* **Problem description**
Could you repeat all of the entries exactly, leaving out any pictures?

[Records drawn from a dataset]
☆ ☆ ☆ ☆ ☆ ☆ ☆

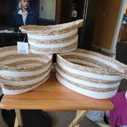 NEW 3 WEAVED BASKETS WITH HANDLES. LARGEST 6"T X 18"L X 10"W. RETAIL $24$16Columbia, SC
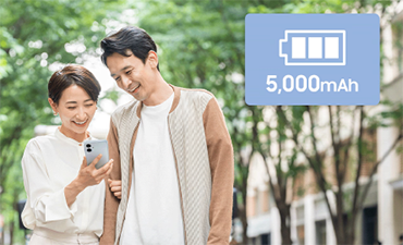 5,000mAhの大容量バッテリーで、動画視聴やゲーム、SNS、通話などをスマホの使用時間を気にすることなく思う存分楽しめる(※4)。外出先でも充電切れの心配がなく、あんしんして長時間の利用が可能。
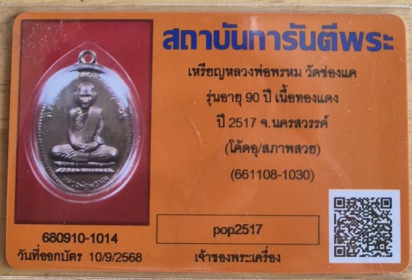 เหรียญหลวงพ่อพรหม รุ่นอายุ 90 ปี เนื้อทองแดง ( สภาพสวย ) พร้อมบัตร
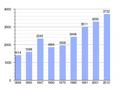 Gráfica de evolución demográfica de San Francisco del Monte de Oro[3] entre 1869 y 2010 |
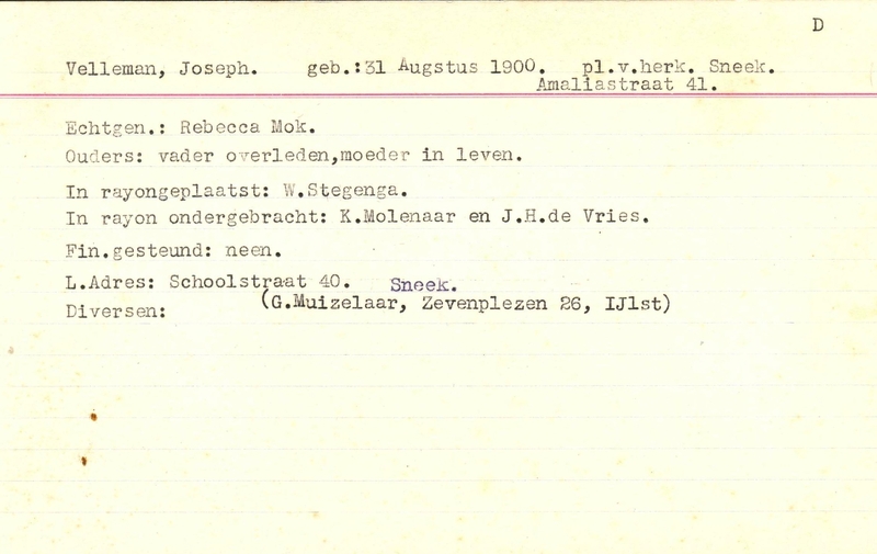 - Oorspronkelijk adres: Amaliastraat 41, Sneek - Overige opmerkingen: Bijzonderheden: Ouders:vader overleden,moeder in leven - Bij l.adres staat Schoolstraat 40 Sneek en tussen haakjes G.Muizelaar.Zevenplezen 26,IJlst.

☆ ☆ ☆ ☆ ☆ ☆ ☆

* **Reply to the task**
 NEW 3 WEAVED BASKETS WITH HANDLES. LARGEST 6"T X 18"L X 10"W. RETAIL $24$16Columbia, SC
 5,000mAhの大容量バッテリーで、動画視聴やゲーム、SNS、通話などをスマホの使用時間を気にすることなく思う存分楽しめる(※4)。外出先でも充電切れの心配がなく、あんしんして長時間の利用が可能。
 เหรียญหลวงพ่อพรหม รุ่นอายุ 90 ปี เนื้อทองแดง ( สภาพสวย ) พร้อมบัตร
 Gráfica de evolución demográfica de San Francisco del Monte de Oro[3] entre 1869 y 2010 |
 - Oorspronkelijk adres: Amaliastraat 41, Sneek - Overige opmerkingen: Bijzonderheden: Ouders:vader overleden,moeder in leven - Bij l.adres staat Schoolstraat 40 Sneek en tussen haakjes G.Muizelaar.Zevenplezen 26,IJlst.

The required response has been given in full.